Tercero: Puesto que la historia no es sino un ininterrumpido progreso desde estadios menos perfectos a otros más perfectos, el socialismo es un sistema cuya implantación resulta altamente deseable.
A la praxeología y a la economía, sin embargo, lo único que les interesa es determinar si el socialismo, manteniéndose la división social del trabajo, puede funcionar como sistema.

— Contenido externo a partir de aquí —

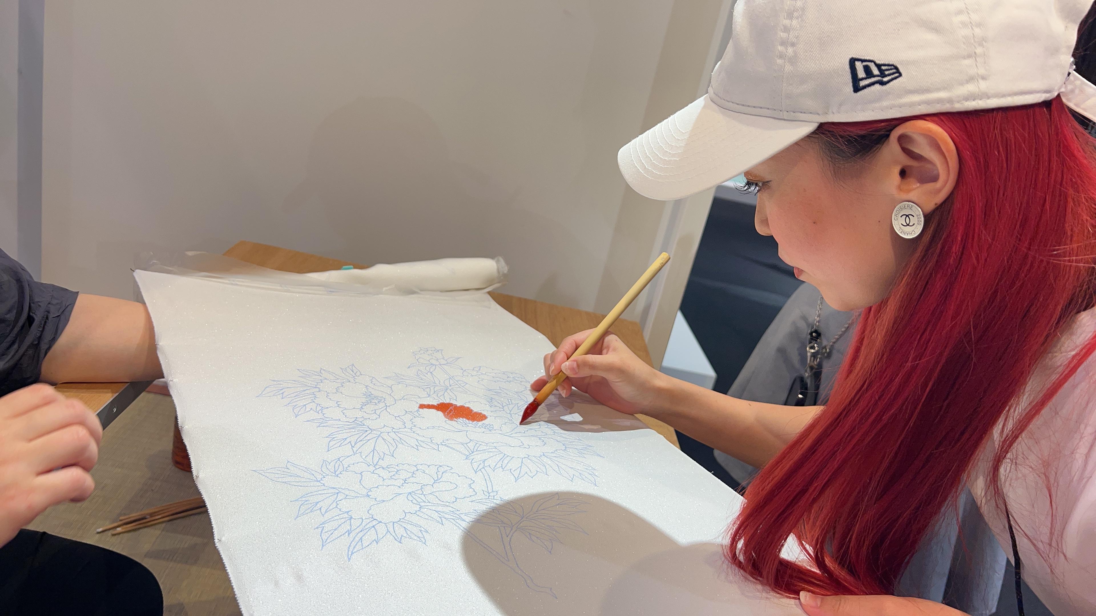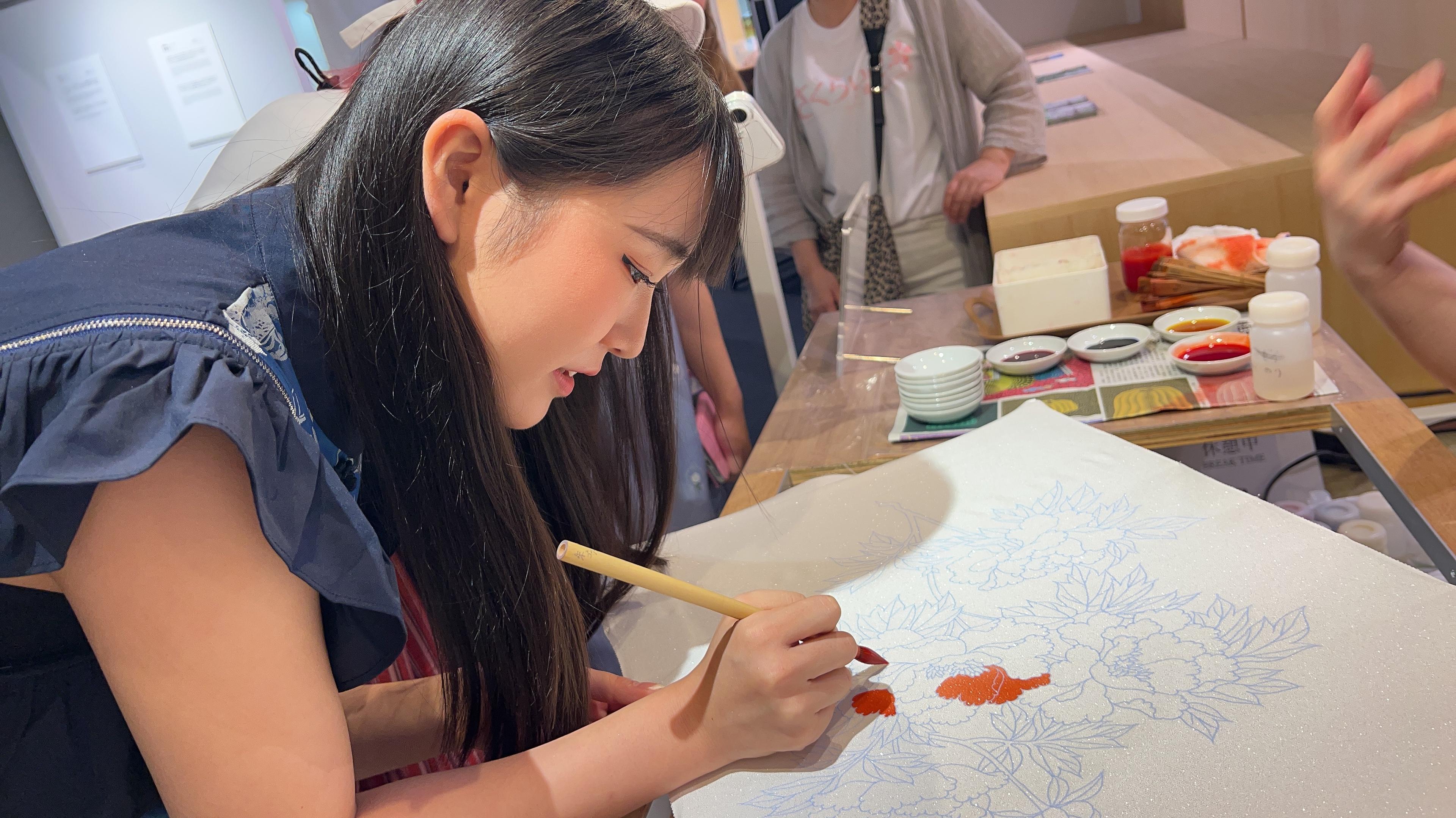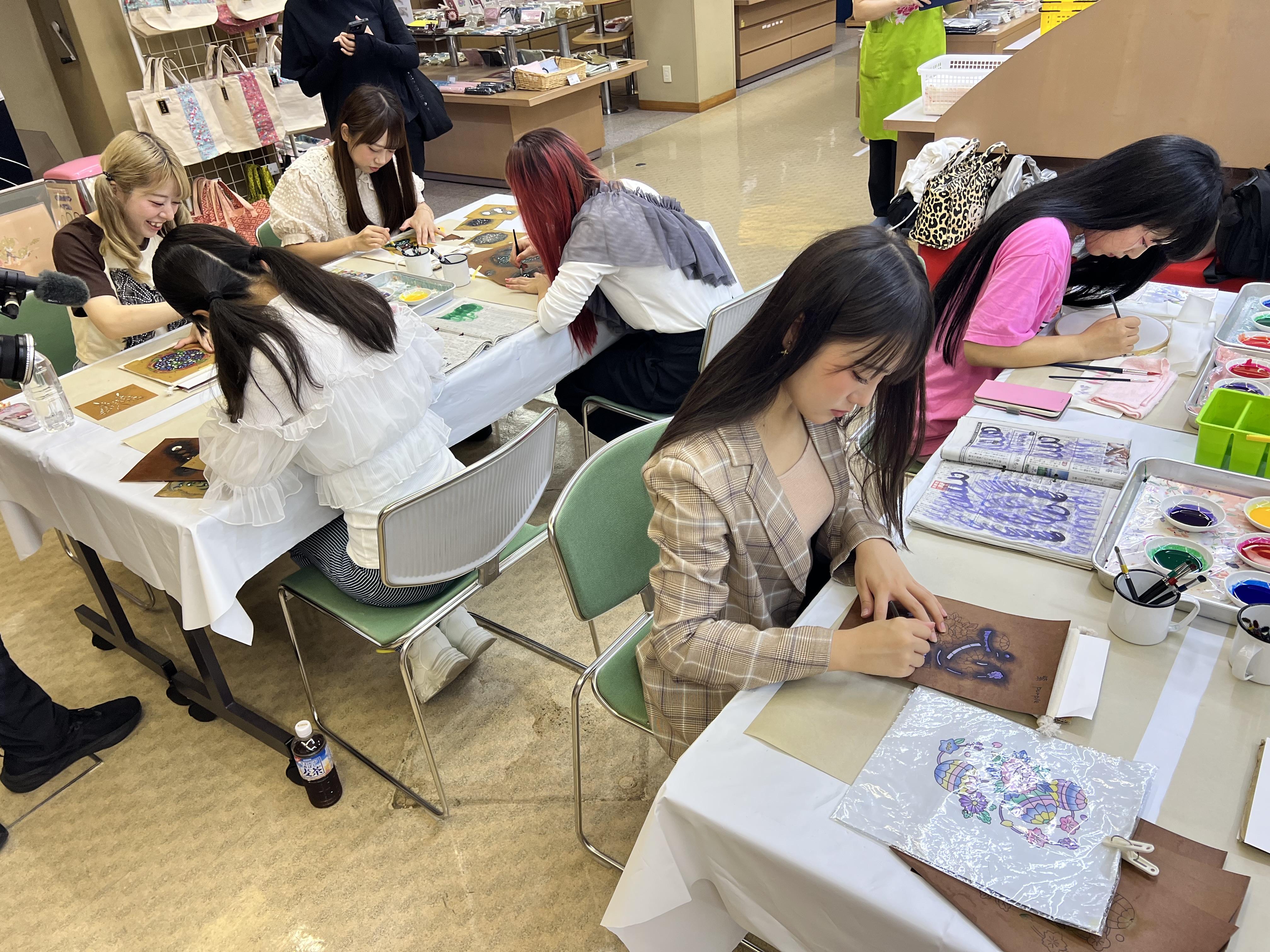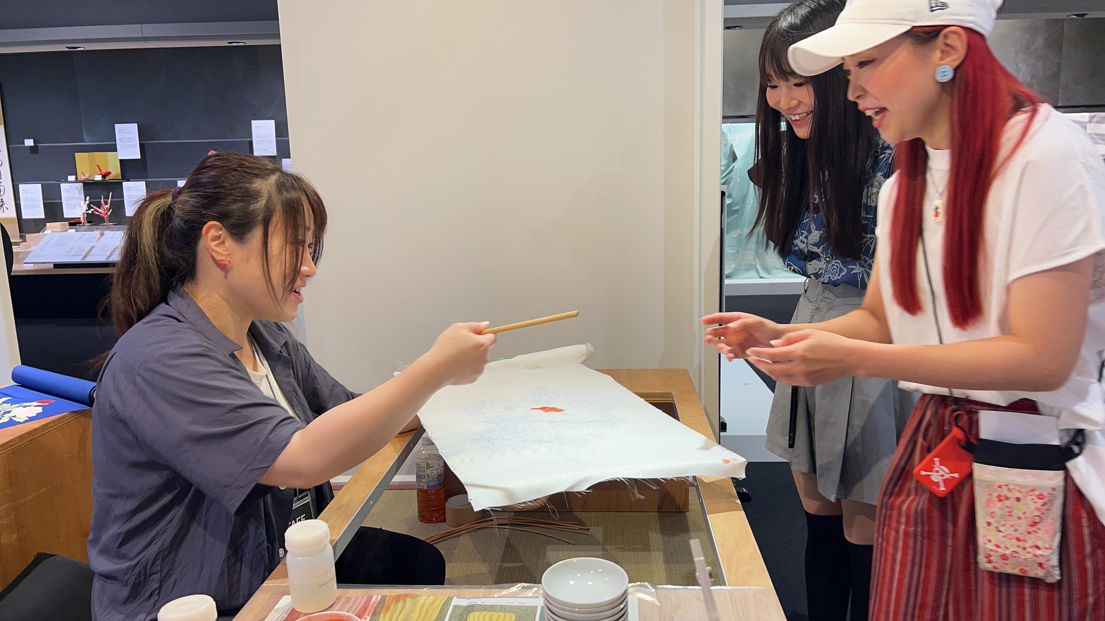 定期的に施設内で職人さんの実演が行われているとのことでしたが、今回は京友禅 の実演をされており、興味津々でのぞき込むメンバーに「やってみますか?」と。

La nota esencial del socialismo es que en él actúa una sola voluntad, siendo indiferente quién sea el sujeto de esa voluntad. El director puede ser un rey ungido o un dictador que gobierna en virtud de su carisma; un führer o una junta de jerarcas designados por sufragio popular. Lo fundamental es que un solo agente controla el destino que deba darse a todos los factores de producción. Una sola voluntad elige, decide, dirige, actúa, ordena. Todos los demás se limitan a obedecer sus órdenes e instrucciones. Una organización y un orden planificado sustituyen a la «anarquía» de la producción y a las diversas iniciativas particulares. La cooperación social bajo la división del trabajo se mantiene a base de vínculos hegemónicos que permiten al jerarca exigir absoluta obediencia de todos sus vasallos.
Denominando a ese rector económico sociedad (como hacen los marxistas), Estado (con mayúscula), gobierno o autoridad, la gente tiende a olvidar que quien ordena es siempre un ser humano, no una noción abstracta o una mítica entidad colectiva. Podemos admitir que el jerarca o la junta de jerarcas goce de capacidad extraordinaria, máxima sabiduría y superior bondad. Pero sería el colmo de la estupidez suponer que se trata de seres omniscientes e infalibles.
En un análisis praxeológico del socialismo no nos interesa el carácter ético y moral del director. Tampoco tenemos por qué recusar sus juicios de valor ni los objetivos que pueda perseguir. De lo que se trata es de saber si un hombre mortal, dotado de la estructura lógica de la mente humana, puede estar a la altura de las tareas que pesan sobre el director de una sociedad socialista.
Suponemos que el director tiene a su disposición todos los conocimientos tecnológicos de su tiempo. Además, tiene un completo inventario de todos los factores materiales de producción disponibles y un detalle completo de toda la mano de obra empleable. Multitud de expertos y especialistas le proporcionan una información perfecta y le resuelven correctamente todos los interrogantes que les plantea. Voluminosos informes se acumulan sobre su mesa de trabajo. Pero ha llegado el momento de actuar. Tiene que elegir entre una infinita variedad de proyectos de tal suerte que ni una sola de las necesidades que él considera más urgentes quede insatisfecha en razón a que los factores de producción necesarios para esta satisfacción se emplean para satisfacer otras necesidades que él considera menos urgentes.
Es importante observar que este problema no tiene nada que ver con la valoración de los fines últimos. Se refiere sólo a los medios que deben emplearse para alcanzar esos fines. Suponemos que el director ha decidido cuáles son las metas que conviene alcanzar. No discutimos su elección. Ni tampoco planteamos la posibilidad de que la gente, los vasallos, desaprueben las decisiones del director. Suponemos, a efectos dialécticos, que una fuerza misteriosa induce a todos los hombres a coincidir con el jefe y aun entre ellos mismos en cuanto al valor y oportunidad de los objetivos perseguidos.
El problema que nos interesa, el único y crucial problema del socialismo, es un problema puramente económico, y como tal se refiere solamente a los medios, no a los fines últimos.